To facilitate comparison between variables of different scales, we computed standardized differences using methods appropriate for categorical and continuous variables [24, 25], which is the recommended approach for assessing covariate balance between groups (e.g., a sample and a population) and between unweighted and weighted samples [24]. An absolute standardized difference above 0.10 is typically used as a reference point to indicate a meaningful covariate imbalance [26], where 0.10 can be read as 10% of one standard deviation of the variable in question.

Ethics statement

This project has been approved by the Regional Ethics Committee in Umeå (diary number 2010-228-31M, with addendum 2011-02-21, for SCAPIS and diary number 2016-511-31 for the linkage of register data to SCAPIS participants). Written informed consent was obtained from all SCAPIS participants.

Statistics Sweden delivered the population data to us in aggregate form (the individual-level information was recreated from stratified counts). These data cannot be linked to any living person and does not constitute sensitive personal data, and their use is therefore exempt from the need for ethics approval according to the Swedish Ethical Review Act (2003:460).

Results

The standardized differences between SCAPIS participants and the target population exceeded a magnitude of 0.10 in 12 out of 15 sociodemographic characteristics (Table 2). The most considerable differences were related to income and country of birth at both the individual and neighborhood levels, followed by neighborhood-level unemployment, single-parent households, rental housing, and university education (Table 2). As determined by these characteristics, SCAPIS participants appeared to have higher individual socioeconomic status and live in more affluent neighborhoods than the target population and non-participants of the SCAPIS study. We also note that the SCAPIS participants were, on average, slightly older than the target population (33% in the age range 50–54 years in SCAPIS, 37% in the target population).

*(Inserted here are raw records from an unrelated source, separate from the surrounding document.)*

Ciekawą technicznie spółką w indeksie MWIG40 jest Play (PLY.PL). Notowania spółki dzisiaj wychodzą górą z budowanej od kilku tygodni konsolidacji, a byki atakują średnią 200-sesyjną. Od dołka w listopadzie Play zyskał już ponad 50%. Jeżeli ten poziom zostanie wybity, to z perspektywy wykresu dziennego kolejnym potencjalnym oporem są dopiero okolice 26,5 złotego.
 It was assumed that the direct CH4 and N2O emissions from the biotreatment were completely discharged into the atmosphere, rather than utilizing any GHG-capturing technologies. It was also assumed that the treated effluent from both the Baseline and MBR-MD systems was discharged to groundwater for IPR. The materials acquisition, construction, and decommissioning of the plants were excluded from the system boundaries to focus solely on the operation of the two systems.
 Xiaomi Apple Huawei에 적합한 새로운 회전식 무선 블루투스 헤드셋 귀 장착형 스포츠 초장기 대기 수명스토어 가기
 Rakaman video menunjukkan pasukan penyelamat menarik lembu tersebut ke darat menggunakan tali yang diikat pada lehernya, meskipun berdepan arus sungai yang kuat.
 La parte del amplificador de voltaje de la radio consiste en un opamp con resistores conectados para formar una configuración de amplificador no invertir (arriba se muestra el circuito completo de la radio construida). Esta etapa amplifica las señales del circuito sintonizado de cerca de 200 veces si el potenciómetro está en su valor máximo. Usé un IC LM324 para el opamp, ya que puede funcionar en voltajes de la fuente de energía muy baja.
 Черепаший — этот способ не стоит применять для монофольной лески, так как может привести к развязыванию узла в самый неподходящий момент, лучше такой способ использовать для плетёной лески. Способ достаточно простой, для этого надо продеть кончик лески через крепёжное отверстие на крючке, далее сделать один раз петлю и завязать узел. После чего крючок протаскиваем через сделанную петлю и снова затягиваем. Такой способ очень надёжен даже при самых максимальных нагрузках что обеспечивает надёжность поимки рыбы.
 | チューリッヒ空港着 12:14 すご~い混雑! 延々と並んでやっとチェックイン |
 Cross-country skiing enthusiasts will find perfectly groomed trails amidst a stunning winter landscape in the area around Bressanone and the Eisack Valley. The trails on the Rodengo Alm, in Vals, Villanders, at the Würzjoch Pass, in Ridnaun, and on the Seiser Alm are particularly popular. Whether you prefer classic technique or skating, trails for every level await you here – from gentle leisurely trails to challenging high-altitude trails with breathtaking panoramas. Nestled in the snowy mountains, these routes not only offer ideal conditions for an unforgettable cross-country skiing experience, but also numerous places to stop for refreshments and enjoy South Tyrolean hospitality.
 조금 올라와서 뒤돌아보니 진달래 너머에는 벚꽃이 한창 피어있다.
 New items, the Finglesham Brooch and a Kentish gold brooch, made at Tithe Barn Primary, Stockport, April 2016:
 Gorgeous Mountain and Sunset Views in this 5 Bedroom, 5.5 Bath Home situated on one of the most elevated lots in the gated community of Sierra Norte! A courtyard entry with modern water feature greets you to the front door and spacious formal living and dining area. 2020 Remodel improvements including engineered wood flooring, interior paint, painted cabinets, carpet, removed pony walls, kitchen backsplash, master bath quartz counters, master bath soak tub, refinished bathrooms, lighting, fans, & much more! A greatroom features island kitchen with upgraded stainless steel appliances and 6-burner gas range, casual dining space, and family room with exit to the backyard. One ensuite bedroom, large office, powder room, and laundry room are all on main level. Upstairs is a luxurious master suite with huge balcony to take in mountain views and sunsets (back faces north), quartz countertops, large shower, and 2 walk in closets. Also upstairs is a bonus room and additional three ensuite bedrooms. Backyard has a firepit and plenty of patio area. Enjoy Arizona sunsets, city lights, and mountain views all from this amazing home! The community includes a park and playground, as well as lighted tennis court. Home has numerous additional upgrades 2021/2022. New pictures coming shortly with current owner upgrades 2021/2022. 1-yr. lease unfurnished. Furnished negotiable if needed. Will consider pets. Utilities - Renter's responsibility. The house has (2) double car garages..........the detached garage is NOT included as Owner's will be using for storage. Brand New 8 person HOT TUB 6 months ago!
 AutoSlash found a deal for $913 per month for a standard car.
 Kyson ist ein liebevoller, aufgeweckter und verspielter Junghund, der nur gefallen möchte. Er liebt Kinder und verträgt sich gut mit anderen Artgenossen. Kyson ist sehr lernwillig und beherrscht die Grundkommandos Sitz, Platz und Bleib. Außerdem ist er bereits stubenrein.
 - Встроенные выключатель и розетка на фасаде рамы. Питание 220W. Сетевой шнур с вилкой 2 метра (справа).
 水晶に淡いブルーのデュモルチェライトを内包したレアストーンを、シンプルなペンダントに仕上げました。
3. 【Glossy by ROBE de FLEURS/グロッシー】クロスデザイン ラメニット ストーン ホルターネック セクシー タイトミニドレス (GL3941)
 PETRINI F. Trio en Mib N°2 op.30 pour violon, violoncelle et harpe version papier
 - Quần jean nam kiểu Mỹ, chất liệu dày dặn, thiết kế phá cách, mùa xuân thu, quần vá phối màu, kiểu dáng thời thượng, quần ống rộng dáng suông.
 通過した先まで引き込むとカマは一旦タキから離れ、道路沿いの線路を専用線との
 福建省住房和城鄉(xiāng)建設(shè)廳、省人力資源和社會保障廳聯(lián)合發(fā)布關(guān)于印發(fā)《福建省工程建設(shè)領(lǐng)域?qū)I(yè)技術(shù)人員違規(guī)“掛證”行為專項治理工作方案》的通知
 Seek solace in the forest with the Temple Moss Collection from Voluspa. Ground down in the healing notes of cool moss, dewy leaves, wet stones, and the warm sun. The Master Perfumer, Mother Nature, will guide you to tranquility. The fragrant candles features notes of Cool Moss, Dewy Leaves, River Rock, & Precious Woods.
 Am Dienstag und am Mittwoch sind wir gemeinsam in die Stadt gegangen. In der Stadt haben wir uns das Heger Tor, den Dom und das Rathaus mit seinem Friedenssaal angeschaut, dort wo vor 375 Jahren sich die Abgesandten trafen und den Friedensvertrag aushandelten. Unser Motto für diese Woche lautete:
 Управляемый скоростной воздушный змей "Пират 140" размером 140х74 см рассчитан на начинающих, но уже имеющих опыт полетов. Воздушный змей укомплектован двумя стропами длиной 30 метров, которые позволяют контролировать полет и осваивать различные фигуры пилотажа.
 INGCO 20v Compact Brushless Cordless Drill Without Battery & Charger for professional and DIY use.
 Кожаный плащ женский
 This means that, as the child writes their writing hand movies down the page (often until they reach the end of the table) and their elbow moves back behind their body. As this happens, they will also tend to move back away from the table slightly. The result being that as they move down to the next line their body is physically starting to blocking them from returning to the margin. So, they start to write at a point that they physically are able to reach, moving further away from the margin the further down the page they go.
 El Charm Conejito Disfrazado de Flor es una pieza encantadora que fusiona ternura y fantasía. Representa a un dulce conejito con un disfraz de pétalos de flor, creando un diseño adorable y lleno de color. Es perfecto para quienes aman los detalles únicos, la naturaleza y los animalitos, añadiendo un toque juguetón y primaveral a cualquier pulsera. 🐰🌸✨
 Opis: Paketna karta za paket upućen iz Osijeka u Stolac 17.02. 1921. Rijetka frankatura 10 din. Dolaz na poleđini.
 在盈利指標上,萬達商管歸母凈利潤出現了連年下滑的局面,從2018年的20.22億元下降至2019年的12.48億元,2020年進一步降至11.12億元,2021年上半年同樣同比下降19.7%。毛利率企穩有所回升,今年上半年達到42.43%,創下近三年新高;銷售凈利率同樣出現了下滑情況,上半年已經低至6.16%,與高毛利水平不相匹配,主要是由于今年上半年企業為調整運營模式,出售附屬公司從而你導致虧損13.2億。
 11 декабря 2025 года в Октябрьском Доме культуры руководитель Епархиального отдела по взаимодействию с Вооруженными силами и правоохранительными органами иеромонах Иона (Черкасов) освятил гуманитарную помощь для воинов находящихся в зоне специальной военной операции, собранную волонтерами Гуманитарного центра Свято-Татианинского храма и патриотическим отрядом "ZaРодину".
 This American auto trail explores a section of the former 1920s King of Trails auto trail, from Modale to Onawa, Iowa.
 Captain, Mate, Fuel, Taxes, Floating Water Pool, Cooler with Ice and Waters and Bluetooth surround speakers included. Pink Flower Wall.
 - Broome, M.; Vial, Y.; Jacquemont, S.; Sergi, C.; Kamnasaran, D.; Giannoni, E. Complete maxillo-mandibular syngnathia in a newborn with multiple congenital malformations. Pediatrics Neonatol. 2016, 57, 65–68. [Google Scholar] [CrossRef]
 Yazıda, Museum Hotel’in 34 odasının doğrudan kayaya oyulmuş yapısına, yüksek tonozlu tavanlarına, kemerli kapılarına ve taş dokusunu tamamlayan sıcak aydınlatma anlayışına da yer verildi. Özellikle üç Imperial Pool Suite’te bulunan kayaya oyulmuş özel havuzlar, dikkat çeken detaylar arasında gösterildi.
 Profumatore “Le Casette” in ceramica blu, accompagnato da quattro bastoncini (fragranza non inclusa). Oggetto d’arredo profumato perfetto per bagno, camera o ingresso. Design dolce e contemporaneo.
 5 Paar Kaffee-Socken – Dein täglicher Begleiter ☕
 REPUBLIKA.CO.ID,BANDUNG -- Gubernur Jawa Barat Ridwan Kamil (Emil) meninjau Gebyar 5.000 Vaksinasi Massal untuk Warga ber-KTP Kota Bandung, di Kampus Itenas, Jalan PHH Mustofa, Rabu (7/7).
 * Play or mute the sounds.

Table 2. Sociodemographic characteristics of the participants in the Swedish CardioPulmonary bioImage Study (SCAPIS), a random sample of its target population, and inferred characteristics of the non-participants of the study.

Characteristic Participants Target population (sample) Absolute SMDa Non-participantsb
n 30,154 59,909 29,755
Men, n (%) 14,646 (48.6) 29,822 (49.8) 0.024 15,180 (51.0)
Age group, n (%) 0.080
50–54 y 10,049 (33.3) 22,000 (36.7) 11,945 (40.1)
55–59 y 9,980 (33.1) 19,693 (32.9) 9,729 (32.7)
60–64 y 10,125 (33.6) 18,216 (30.4) 8,081 (27.2)
Income group, n (%) 0.291
High 16,927 (56.1) 26,980 (45.0) 10,043 (33.8)
Middle 10,630 (35.3) 22,636 (37.8) 12,001 (40.3)
Low 2,597 (8.6) 10,293 (17.2) 7,711 (25.9)
Country of birth, n (%) 0.244
Nordic 26,074 (86.5) 46,367 (77.4) 20,286 (68.2)
Other western 601 (2.0) 1,396 (2.3) 775 (2.6)
Non-western 3,479 (11.5) 12,146 (20.3) 8,694 (29.2)
Site, n (%) 0.105
Gothenburg 6,266 (20.8) 12,109 (20.2) 5,844 (19.6)
Linköping 5,056 (16.8) 8,721 (14.6) 3,664 (12.4)
Malmö 6,251 (20.7) 11,763 (19.6) 5,512 (18.5)
Stockholm 5,038 (16.7) 11,950 (19.9) 6,912 (23.1)
Umeå 2,507 (8.3) 4,603 (7.7) 2,096 (7.1)
Uppsala 5,036 (16.7) 10,763 (18.0) 5,727 (19.3)
Neighborhood-level characteristics (mean (SD))
% low income households, ages 50–64 13.87 (11.32) 17.04 (14.36) 0.245 20.3
% middle income households, ages 50–64 36.74 (9.85) 37.92 (9.93) 0.120 39.1
% high income households, ages 50–64 49.39 (18.06) 45.03 (20.24) 0.227 40.6
% of Nordic origin, ages 50–64 80.93 (16.95) 76.35 (21.31) 0.238 71.7
% of other Western origin, ages 50–64 2.32 (1.34) 2.37 (1.41) 0.038 2.4
% of non-Western origin, ages 50–64 16.75 (16.76) 21.29 (21.19) 0.237 25.9
% with university education, ages 50–64 45.24 (15.29) 42.75 (15.85) 0.160 40.2
% unemployed working-age individuals 20.38 (9.44) 22.54 (11.28) 0.208 24.7
% single parent households 6.87 (2.63) 7.41 (3.04) 0.190 8.0
% rental housing 28.84 (28.82) 33.92 (32.06) 0.167 39.1

a Absolute standardized difference between participants and the target population sample. P-values are less than 0.001 for all differences.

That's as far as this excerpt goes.